Межиров, разумеется, верит в то, что пишет. Однако дикий, фантастический перебор политических символов в его второй книжке — не только вынужденная дань издательской конъюнктуре 1950 года, но, я думаю, ещё и психологическая компенсация — избыточное, перехлестывающее всякую необходимость восполнение пустоты, охватившей новобранца 1941 года за пределами того смертного круга, который очертил ему пристрелянный кювет.
Вышедший из этого смертного круга, «помилованный свинцом» человек должен исполнить приговор судьбы: жить. С этим свинцом, с этим ознобом, с этим снегом на сердце.
Жизнь и смерть дважды меняются местами в его тогдашних стихах. В 1941-м, когда новобранец, не ведая страха, говорит себе: «Я умру». И в 1945-м, когда он говорит себе: «Я остался жить на всякий случай», и впервые испытывает страх, застывающий в леденящем по силе восьмистишии:
После боя в замершем Берлине
В тишине почти что гробовой
Подорвался на пехотной мине
Русский пехотинец-рядовой.
Я припомнил все свои походы,
Все мои мытарства на войне,
И впервые за четыре года
Почему-то стало страшно мне.
«Почему-то»?.. Да потому что смерть, неотделимая от жизни, превращается в жизнь, неотличимую от смерти! Скользящими штрихами это ощущение проходит через десятки книг, изданных Межировым за полвека его поэзии. Вот лейтмотивы: «На груди крестом мне сложат руки»… «Век мой недолог»… «Совсем не мертвецов бояться надо»… «Снится, что умираю»… «Я упал — умереть»… «Выносят гроб с водителем такси»… (это уже в Грузии). «Хоронили меня, хоронили в Чиатурах, в горняцком краю…» (Alterego? Или это сон о себе?)… И ещё — на рубеже войны и мира: «После смерти мы будем жить, будем жить! Вопреки всему!» Но тогда же — с сомнением: «Может быть, в самом деле никогда не умру?..» И уже без сомнения: «Ко второй половине дороги земной не готовился я…» (это к пониманию того, куда «дорога далека»)…

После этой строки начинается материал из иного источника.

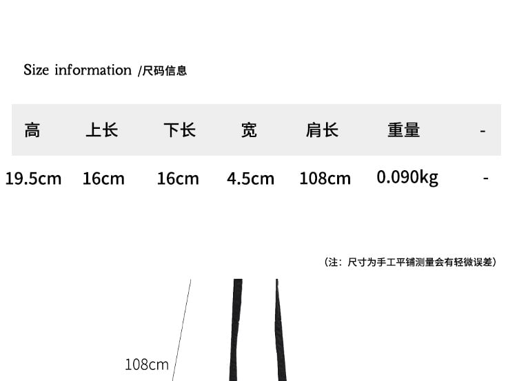 | Height | Upper Length | Bottom Length | Width | Strap Length |

Вечный тайный перегляд реальности с нереальностью. В каком-нибудь «случайном» эпиграфе из философа («Лежишь во гробе, празднуешь субботу»). В шутливой мистификации: «Лежу со свечкой восковой в руке…» В пронзительной мольбе (ко Всевышнему?):
Сшей мне саван из клочьев дыма,
У дороги похорони,
Чтоб всю смерть пролетали мимо
Эшелонов ночных огни.
«Вся смерть» маскируется под «всю жизнь»…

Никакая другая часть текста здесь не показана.